[Recorded data]
+++
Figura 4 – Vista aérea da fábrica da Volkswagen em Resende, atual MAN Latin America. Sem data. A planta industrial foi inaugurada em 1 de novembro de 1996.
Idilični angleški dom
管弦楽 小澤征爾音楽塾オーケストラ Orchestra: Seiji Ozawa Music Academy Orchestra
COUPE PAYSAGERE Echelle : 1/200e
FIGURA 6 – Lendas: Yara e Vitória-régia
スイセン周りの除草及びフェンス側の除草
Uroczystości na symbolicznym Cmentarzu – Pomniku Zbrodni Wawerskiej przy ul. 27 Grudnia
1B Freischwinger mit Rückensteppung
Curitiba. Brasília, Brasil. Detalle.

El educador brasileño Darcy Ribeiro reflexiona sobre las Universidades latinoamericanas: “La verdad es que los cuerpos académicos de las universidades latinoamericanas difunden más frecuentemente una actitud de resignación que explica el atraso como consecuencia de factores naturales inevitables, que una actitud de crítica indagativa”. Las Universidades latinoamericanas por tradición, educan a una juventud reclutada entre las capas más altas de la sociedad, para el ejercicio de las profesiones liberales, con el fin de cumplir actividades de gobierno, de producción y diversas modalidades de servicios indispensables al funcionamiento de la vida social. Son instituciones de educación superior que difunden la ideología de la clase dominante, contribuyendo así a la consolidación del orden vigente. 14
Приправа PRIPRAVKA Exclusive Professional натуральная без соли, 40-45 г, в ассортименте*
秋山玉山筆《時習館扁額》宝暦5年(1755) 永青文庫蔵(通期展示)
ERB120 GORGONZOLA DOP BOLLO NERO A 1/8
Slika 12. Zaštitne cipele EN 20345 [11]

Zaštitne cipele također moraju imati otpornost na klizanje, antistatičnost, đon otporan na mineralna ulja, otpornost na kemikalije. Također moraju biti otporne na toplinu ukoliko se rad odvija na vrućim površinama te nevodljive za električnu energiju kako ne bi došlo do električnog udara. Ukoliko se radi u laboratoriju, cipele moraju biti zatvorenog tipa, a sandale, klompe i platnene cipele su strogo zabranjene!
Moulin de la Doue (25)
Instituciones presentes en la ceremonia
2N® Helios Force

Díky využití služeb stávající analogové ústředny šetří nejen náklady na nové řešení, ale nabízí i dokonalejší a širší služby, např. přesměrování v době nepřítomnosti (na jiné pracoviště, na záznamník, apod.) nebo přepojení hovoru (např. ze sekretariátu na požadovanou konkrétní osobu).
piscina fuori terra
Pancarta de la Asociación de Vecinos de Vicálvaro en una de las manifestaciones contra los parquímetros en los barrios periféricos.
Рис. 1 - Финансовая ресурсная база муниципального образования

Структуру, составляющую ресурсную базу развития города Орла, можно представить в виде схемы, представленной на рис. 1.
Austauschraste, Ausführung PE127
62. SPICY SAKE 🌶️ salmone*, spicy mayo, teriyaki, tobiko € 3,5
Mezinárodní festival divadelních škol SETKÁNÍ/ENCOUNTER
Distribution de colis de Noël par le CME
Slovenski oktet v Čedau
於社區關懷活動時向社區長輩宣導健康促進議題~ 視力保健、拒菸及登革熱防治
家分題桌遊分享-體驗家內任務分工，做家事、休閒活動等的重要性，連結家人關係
+++
### How to complete this task
Every record is to be repeated exactly as it stands above.

### Response to the exercise
Figura 4 – Vista aérea da fábrica da Volkswagen em Resende, atual MAN Latin America. Sem data. A planta industrial foi inaugurada em 1 de novembro de 1996.
Idilični angleški dom
管弦楽 小澤征爾音楽塾オーケストラ Orchestra: Seiji Ozawa Music Academy Orchestra
COUPE PAYSAGERE Echelle : 1/200e
FIGURA 6 – Lendas: Yara e Vitória-régia
スイセン周りの除草及びフェンス側の除草
Uroczystości na symbolicznym Cmentarzu – Pomniku Zbrodni Wawerskiej przy ul. 27 Grudnia
1B Freischwinger mit Rückensteppung
Curitiba. Brasília, Brasil. Detalle.

El educador brasileño Darcy Ribeiro reflexiona sobre las Universidades latinoamericanas: “La verdad es que los cuerpos académicos de las universidades latinoamericanas difunden más frecuentemente una actitud de resignación que explica el atraso como consecuencia de factores naturales inevitables, que una actitud de crítica indagativa”. Las Universidades latinoamericanas por tradición, educan a una juventud reclutada entre las capas más altas de la sociedad, para el ejercicio de las profesiones liberales, con el fin de cumplir actividades de gobierno, de producción y diversas modalidades de servicios indispensables al funcionamiento de la vida social. Son instituciones de educación superior que difunden la ideología de la clase dominante, contribuyendo así a la consolidación del orden vigente. 14
Приправа PRIPRAVKA Exclusive Professional натуральная без соли, 40-45 г, в ассортименте*
秋山玉山筆《時習館扁額》宝暦5年(1755) 永青文庫蔵(通期展示)
ERB120 GORGONZOLA DOP BOLLO NERO A 1/8
Slika 12. Zaštitne cipele EN 20345 [11]

Zaštitne cipele također moraju imati otpornost na klizanje, antistatičnost, đon otporan na mineralna ulja, otpornost na kemikalije. Također moraju biti otporne na toplinu ukoliko se rad odvija na vrućim površinama te nevodljive za električnu energiju kako ne bi došlo do električnog udara. Ukoliko se radi u laboratoriju, cipele moraju biti zatvorenog tipa, a sandale, klompe i platnene cipele su strogo zabranjene!
Moulin de la Doue (25)
Instituciones presentes en la ceremonia
2N® Helios Force

Díky využití služeb stávající analogové ústředny šetří nejen náklady na nové řešení, ale nabízí i dokonalejší a širší služby, např. přesměrování v době nepřítomnosti (na jiné pracoviště, na záznamník, apod.) nebo přepojení hovoru (např. ze sekretariátu na požadovanou konkrétní osobu).
piscina fuori terra
Pancarta de la Asociación de Vecinos de Vicálvaro en una de las manifestaciones contra los parquímetros en los barrios periféricos.
Рис. 1 - Финансовая ресурсная база муниципального образования

Структуру, составляющую ресурсную базу развития города Орла, можно представить в виде схемы, представленной на рис. 1.
Austauschraste, Ausführung PE127
62. SPICY SAKE 🌶️ salmone*, spicy mayo, teriyaki, tobiko € 3,5
Mezinárodní festival divadelních škol SETKÁNÍ/ENCOUNTER
Distribution de colis de Noël par le CME
Slovenski oktet v Čedau
於社區關懷活動時向社區長輩宣導健康促進議題~ 視力保健、拒菸及登革熱防治
家分題桌遊分享-體驗家內任務分工，做家事、休閒活動等的重要性，連結家人關係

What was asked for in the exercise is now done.